投稿者 FP親衛隊国家保安本部 日時 2001 年 11 月 20 日 11:43:48:
米国内で、アフガニスタンの軍事作戦後の攻撃対象として、イラクの名が浮上している。イラク攻撃論は米中枢同時テロ発生直後からくすぶっていたが、アフガンでの戦いの「出口」が見え始めたのを受けて、にわかに現実味が出てきた格好。米国は十年来の旧敵・フセイン大統領と雌雄を決する決意なのだろうか。イラク攻撃論の背景と米国の思惑を追った。
(ワシントン、金井辰樹)
「米軍が近くクウェートに二千人の米兵を増派する方針を決めた」−と十八日のロイター通信が報じた。目的は「イラクに対する抑止」で、既に駐留している五千人の米兵とともに、大規模な軍事演習を行うという。作戦名は「砂漠の春」。十年前の湾岸戦争の際の多国籍軍による「砂漠の嵐(あらし)」をほうふつとさせるネーミングだ。
同じ十八日、ライス大統領補佐官(国家安全保障問題担当)が米NBCテレビに出演した。ライス補佐官はアフガン後の軍事展開に話題が及ぶと、たまっていたものを吐き出すようにフセイン大統領の批判を始めた。

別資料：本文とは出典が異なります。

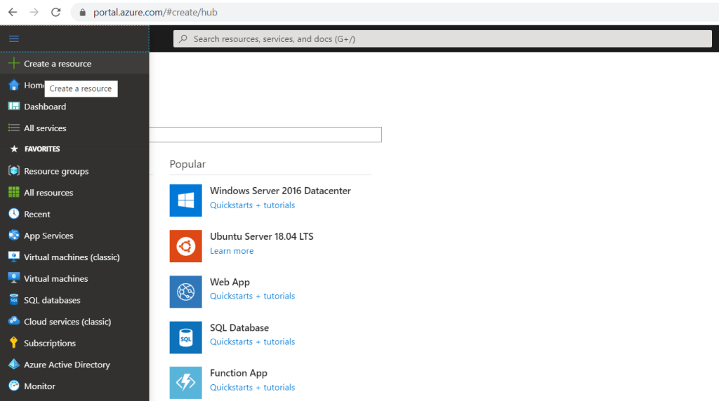 Şimdi Azure Cloud’da Azure SQL Veritabanı kuralım. Bunun için Azure platforma giriş yapıyorum ve ana sayfada Azure’ın sunduğu tüm hizmetleri karşıma çıkıyor. Sol menüden yeni bir kaynak oluşturmak için Create Resource‘u tıklıyorum.
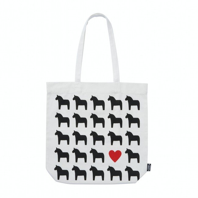 持ち手と内ポケットを備えた、ゆったりとした布製バッグにダーラナホースのシルエットをあしらいました。真っ赤なハートがデザインにインパクトを与えます。

「彼は非常に危険な男で、二度にわたり核兵器の配備を狙った」
「彼が脅威であることは、周辺諸国も分かっている。九月十一日(米中枢同時テロ)に関与したかどうかにかかわらずだ」
これまでもチェイニー副大統領、ラムズフェルド国防長官らが、イラクを攻撃対象とする構えをちらつかせてはいた。だが、中枢テロと関係なくても攻撃対象となり得るとの考えを示したこの日の発言は、米政府高官の発言としては際立っている。クウェートへの米軍増派報道とライス補佐官の発言は、米国がイラク攻撃を念頭に置いていることを強く印象づけた。
■政権内ではまだ異論も
米国は、本当にイラク攻撃を決断しつつあるのだろうか。
ウルフォウィッツ国防副長官を中心とする国防総省タカ派勢力は、中枢テロ発生後、一貫して「テロに対する国際社会の批判が出ている今こそ、テロ支援国家のイラクをたたくチャンスだ」と主張。政府内に同調者が少しずつ増えているのは事実だ。
しかし、パウエル国務長官は、イラクを攻撃することでアラブ諸国が反発し「反テロ連合」に亀裂が入ることを懸念して、慎重な姿勢を崩していない。
また政権内には、ウサマ・ビンラディン氏との関係が深いソマリアへの攻撃を優先させるべきだとの意見や、イスラム諸国の批判をそらすために、次は非イスラムの過激派を攻撃対象にすべきだとの意見もある。
こうした状況の中で、あえてイラク攻撃を強く示唆する言動を米政府がとり始めたのは、内外に対する観測気球的色彩も否定できない。
ブッシュ政権はテロ発生後、九割近い支持率を維持。さらにアフガンの軍事展開も順調に推移していることから、国民の意識も高揚している。米政府は、こういう時こそ「テロとの戦い」がアフガンだけでは終わらないことを国民に強く訴えておくのが得策と判断、当面の“仮想敵国”としてイラクの名を意図的にあげている可能性もある。
また、イラク攻撃をにおわせることで、国際社会がどんな反応を示すか探る狙いもありそうだ。
現段階ではまだ唐突な印象もあるイラク攻撃論が、観測気球で終わるか、それとも現実となるか−。これから数週間の米国民や国際社会の反響に左右されることになりそうだ。